Norway condemns use of cluster bombs in South Sudan

The UN has reported that remnants of recently-used cluster munitions have been found in South Sudan. “It is completely unacceptable that cluster bombs have been used in the conflict in South Sudan. Norway condemns all use of cluster munitions,” said Minister of Foreign Affairs Børge Brende.

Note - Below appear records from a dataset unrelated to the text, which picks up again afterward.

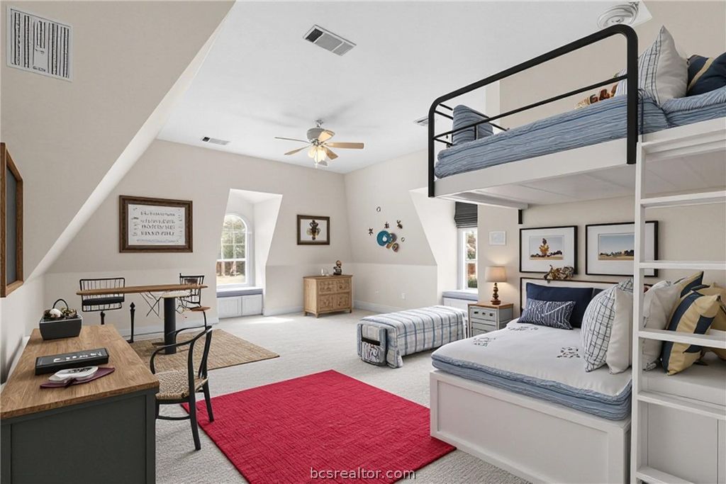 Welcome to this charming 4-5 bedroom, 3.5-bath home tucked away on a quiet cul-de-sac in the highly sought-after Emerald Forest neighborhood of central College Station. Known for its tree-lined streets, community pool, tennis courts, and family-friendly atmosphere, this is a location buyers love. From the inviting front porch to the spacious backyard, this well-maintained home offers warmth, flexibility, and room to grow. The generous layout features multiple living and dining areas, wonderful for entertaining, working from home, or creating spaces that fit your lifestyle. The family room opens to the kitchen, a formal living space that could easily be made into a study, and a standout screened-in porch complete with a built-in grill, sink, ceiling fans, and space for dining and relaxing "” the fitting extension of the home for gatherings or peaceful evenings overlooking the backyard. The downstairs primary suite provides privacy and comfort, while upstairs offers four additional bedrooms that share a jack and jill style bathroom, with one of the bedrooms so large it could be a spacious, versatile bonus room ideal as a fifth bedroom, media room, play room, or hobby space - the opportunities are endless. With flexible living areas inside and out, this Emerald Forest gem is a rare opportunity in one of central College Station's most desirable neighborhoods. Schedule your showing today!
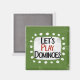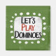 "Let's Play Dominoes" is a cute text design with a white accent shape surrounded by white textured whimsical dots.
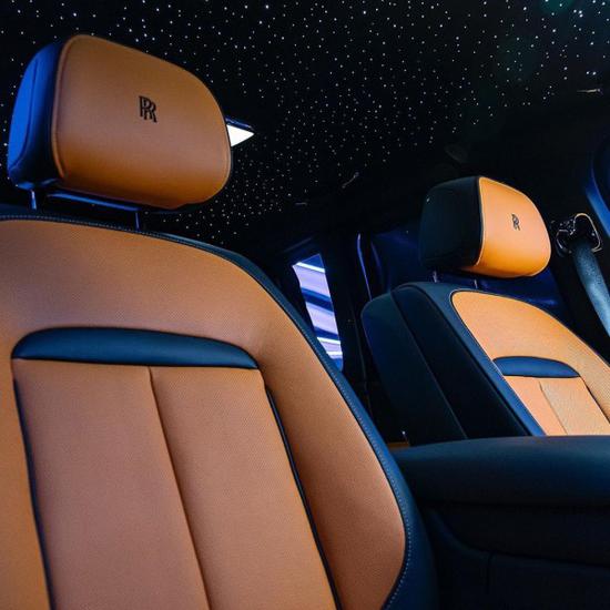 在Black Badge库里南中,奢华真皮座椅上的星空顶,作为新增的柔和光源,强化了车内的氛围。黑色真皮配合1,344根独立光纤手工编织其中,绝妙还原了夜晚的星空。八颗绚丽的白色流星随机地在车顶划过,前排乘客的头顶出现流星的概率更大,十分巧妙地体现出这辆车对喜爱自主驾驶的客户的吸引力。
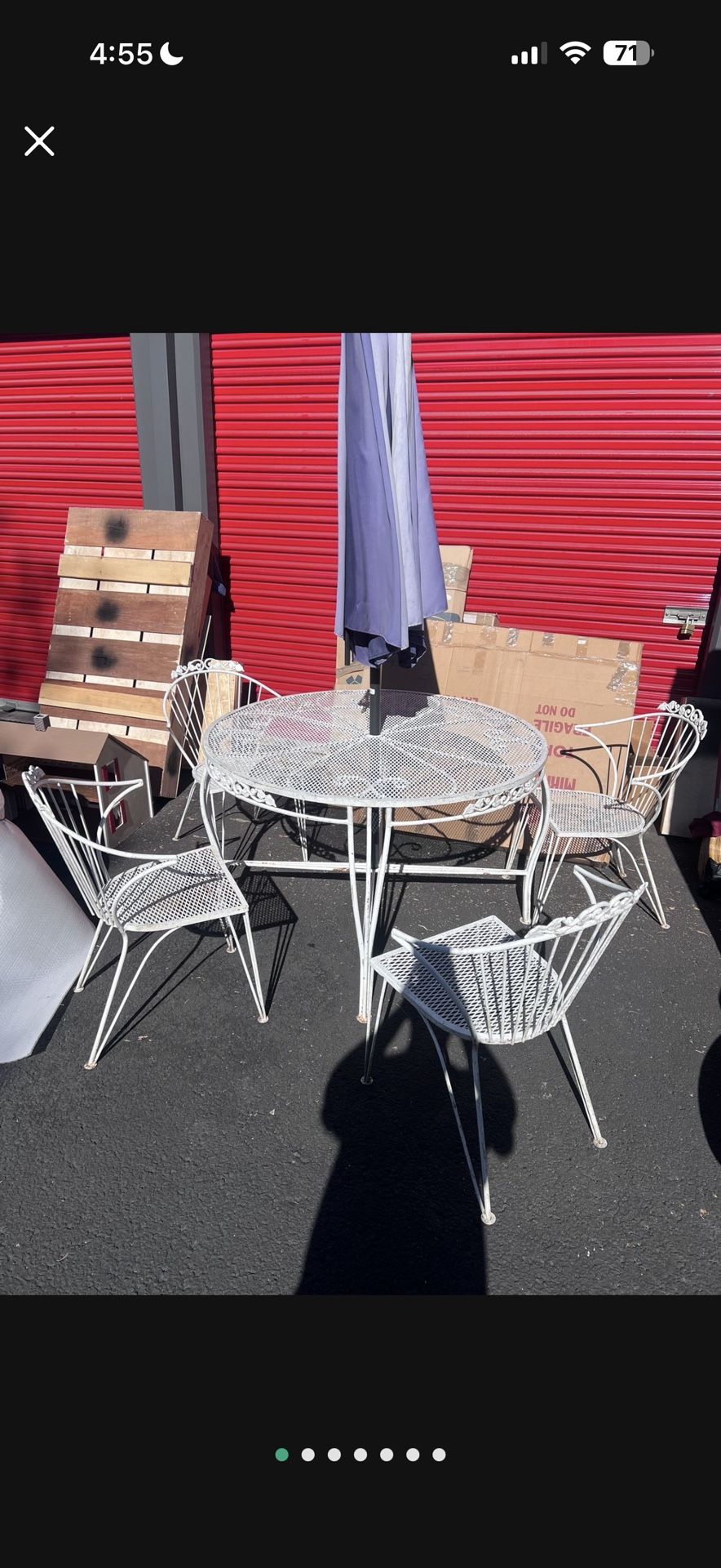 There’s a total of six chairs two of them are not pictured, but are included Umbrella is not included They may need a new coat of paint, Pick up Escondido ZIP Code 92026 Close to San Marcos Costco

The UN has reported that remnants of recently-used cluster munitions have been found in South Sudan. “It is completely unacceptable that cluster bombs have been used in the conflict in South Sudan. Norway condemns all use of cluster munitions,” said Minister of Foreign Affairs Børge Brende.

The UN Mine Action Service (UNMAS) has found remnants of recently-used cluster munitions along a stretch of road between the South Sudanese capital, Juba, and the town of Bor. The team found remnants of up to eight RBK-250-275 cluster bombs, which each contain 147 bomblets or submunitions. Bombs of this kind are usually dropped from aircraft, and they explode in the air, spreading their submunitions over a wide area. The submunitions are unstable and detonate easily.

Norway played an active part in the process to negotiate the Convention on Cluster Munitions, an international treaty that prohibits all use of cluster munitions. A total of 113 states have now joined the Convention, but South Sudan is not among them.

After armed conflict broke out between factions loyal to President Salva Kiir and former Vice President Riek Machar in mid-December, over 870 000 people have been forced to flee their homes.

“The remnants that have been found may indicate yet another breach of the Agreements on Cessation of Hostilities, which the parties to the conflict signed on 23 January. The use of cluster munitions will only serve to exacerbate and prolong the conflict. The parties must honour their commitments to end all hostilities and enter into genuine dialogue with a view to finding a political solution. Civil society organizations including women’s rights organizations should be active parts of the process,” said Mr Brende.

The humanitarian situation in South Sudan is rapidly deteriorating. More than three million people are in need of food, water, blankets and medicines. The UN has warned that the food security situation is further deteriorating. So far, Norway has provided NOK 100 million for the emergency relief efforts.